Dataset records:

[Start of Attachment]

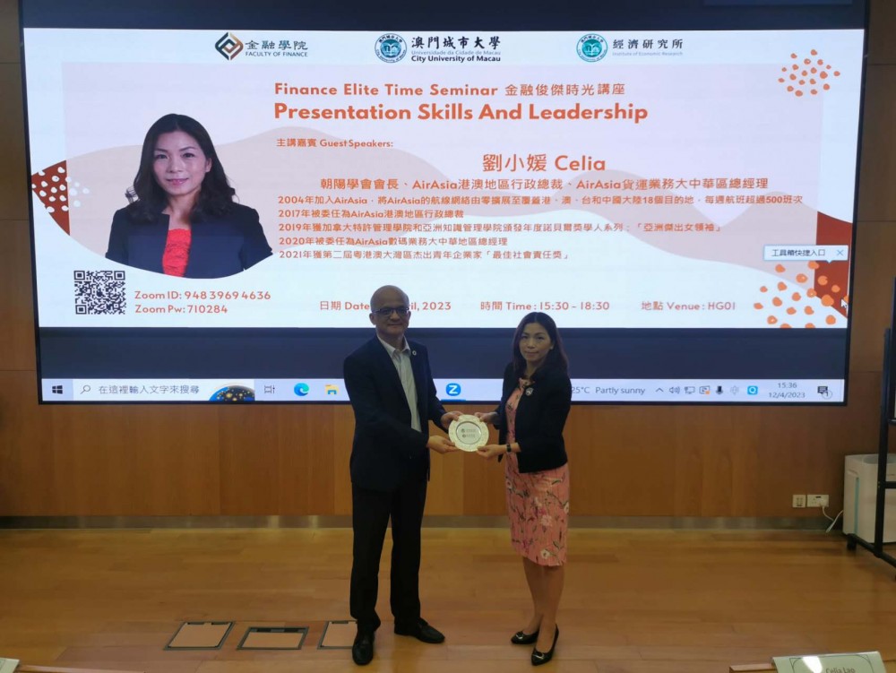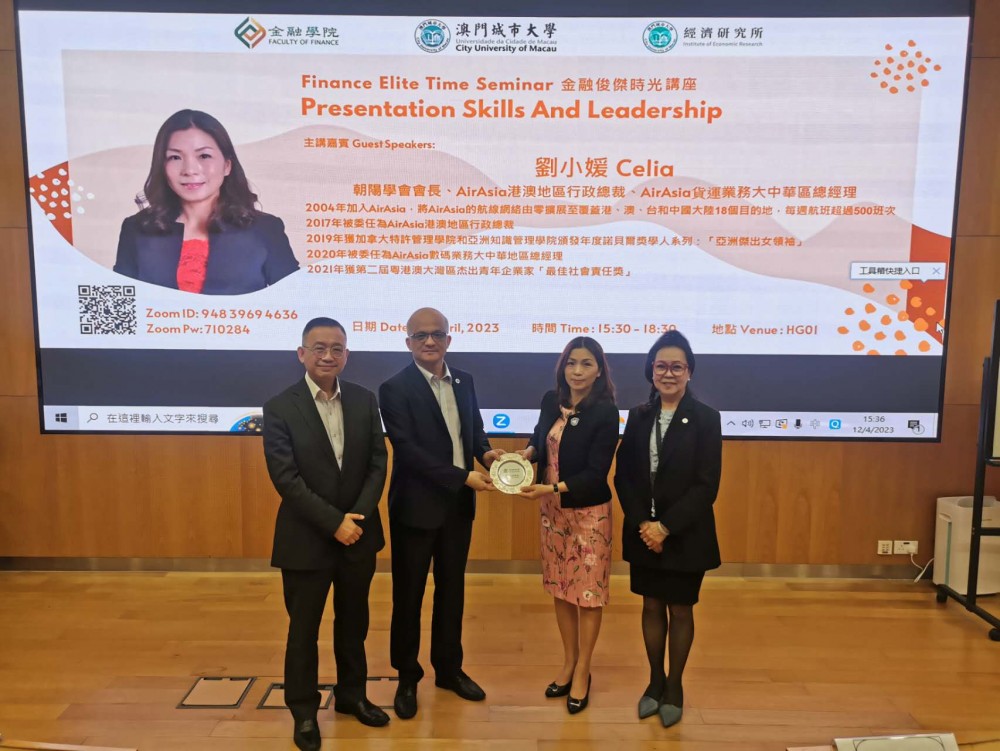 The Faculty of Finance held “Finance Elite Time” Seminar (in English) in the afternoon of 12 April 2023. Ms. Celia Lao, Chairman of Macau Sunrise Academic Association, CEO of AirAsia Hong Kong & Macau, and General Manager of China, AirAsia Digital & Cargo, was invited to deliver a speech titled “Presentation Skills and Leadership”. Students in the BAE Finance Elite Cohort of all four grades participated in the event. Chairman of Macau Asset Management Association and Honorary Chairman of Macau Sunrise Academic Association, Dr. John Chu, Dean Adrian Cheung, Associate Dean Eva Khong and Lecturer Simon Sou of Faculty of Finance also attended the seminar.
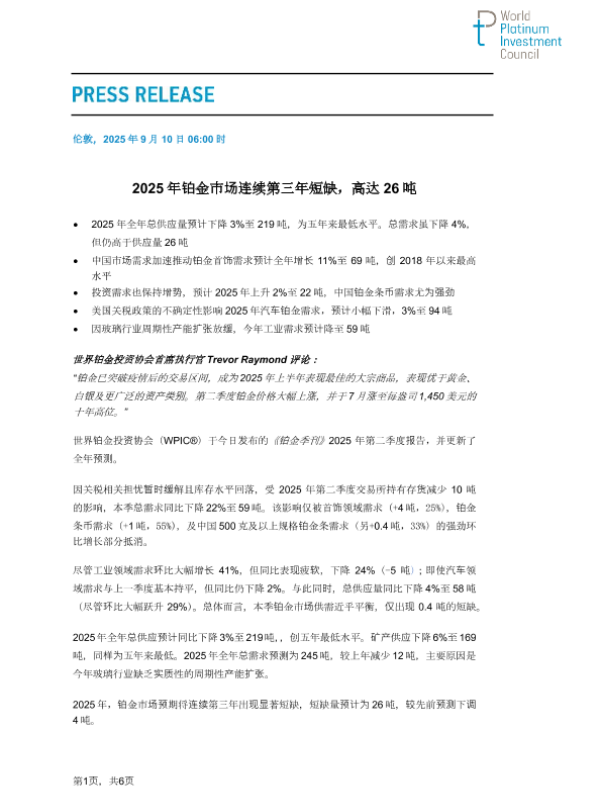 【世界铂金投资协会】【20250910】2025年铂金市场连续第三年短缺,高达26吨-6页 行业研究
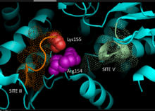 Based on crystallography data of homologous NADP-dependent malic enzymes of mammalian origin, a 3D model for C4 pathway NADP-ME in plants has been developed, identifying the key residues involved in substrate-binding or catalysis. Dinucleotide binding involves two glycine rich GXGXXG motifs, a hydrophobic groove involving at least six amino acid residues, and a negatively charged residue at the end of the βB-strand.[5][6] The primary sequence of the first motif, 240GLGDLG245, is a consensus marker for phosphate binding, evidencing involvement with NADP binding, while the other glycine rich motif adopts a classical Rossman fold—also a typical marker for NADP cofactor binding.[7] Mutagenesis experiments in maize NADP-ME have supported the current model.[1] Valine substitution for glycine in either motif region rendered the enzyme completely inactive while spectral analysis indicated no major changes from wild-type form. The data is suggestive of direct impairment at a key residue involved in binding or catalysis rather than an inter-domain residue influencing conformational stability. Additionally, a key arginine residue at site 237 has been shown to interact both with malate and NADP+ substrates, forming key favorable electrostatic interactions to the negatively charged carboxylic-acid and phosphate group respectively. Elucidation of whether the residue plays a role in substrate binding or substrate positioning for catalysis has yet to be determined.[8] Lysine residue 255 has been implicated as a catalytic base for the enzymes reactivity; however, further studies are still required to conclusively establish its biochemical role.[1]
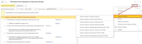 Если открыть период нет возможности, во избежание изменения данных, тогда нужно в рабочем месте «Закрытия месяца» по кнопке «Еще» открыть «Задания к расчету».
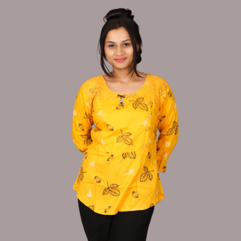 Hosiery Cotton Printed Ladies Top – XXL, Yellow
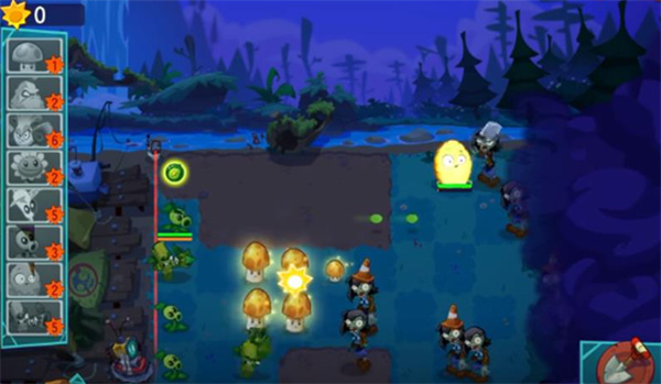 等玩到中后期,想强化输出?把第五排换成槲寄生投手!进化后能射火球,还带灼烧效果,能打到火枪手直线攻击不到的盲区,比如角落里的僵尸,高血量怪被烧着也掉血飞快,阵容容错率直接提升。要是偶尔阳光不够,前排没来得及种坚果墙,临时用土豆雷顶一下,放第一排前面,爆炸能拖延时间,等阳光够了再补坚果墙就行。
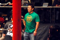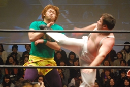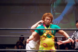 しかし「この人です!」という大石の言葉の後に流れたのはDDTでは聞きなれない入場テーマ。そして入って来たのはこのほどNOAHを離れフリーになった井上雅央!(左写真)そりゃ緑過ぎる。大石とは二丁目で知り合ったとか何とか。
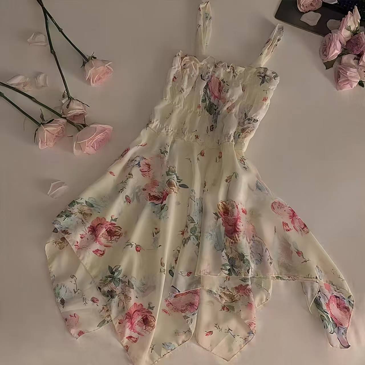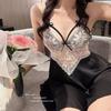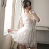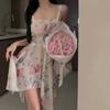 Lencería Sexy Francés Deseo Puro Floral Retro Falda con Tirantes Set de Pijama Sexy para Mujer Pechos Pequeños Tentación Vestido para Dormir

[End of Attachment]

**YOUR OBJECTIVE**: Output the line that contains "等玩到中后期,想强化输出?把" and every line after it to the end of the records, word for word, leaving out the pictures.

**EXPECTED ANSWER**:
 等玩到中后期,想强化输出?把第五排换成槲寄生投手!进化后能射火球,还带灼烧效果,能打到火枪手直线攻击不到的盲区,比如角落里的僵尸,高血量怪被烧着也掉血飞快,阵容容错率直接提升。要是偶尔阳光不够,前排没来得及种坚果墙,临时用土豆雷顶一下,放第一排前面,爆炸能拖延时间,等阳光够了再补坚果墙就行。
 しかし「この人です!」という大石の言葉の後に流れたのはDDTでは聞きなれない入場テーマ。そして入って来たのはこのほどNOAHを離れフリーになった井上雅央!(左写真)そりゃ緑過ぎる。大石とは二丁目で知り合ったとか何とか。
 Lencería Sexy Francés Deseo Puro Floral Retro Falda con Tirantes Set de Pijama Sexy para Mujer Pechos Pequeños Tentación Vestido para Dormir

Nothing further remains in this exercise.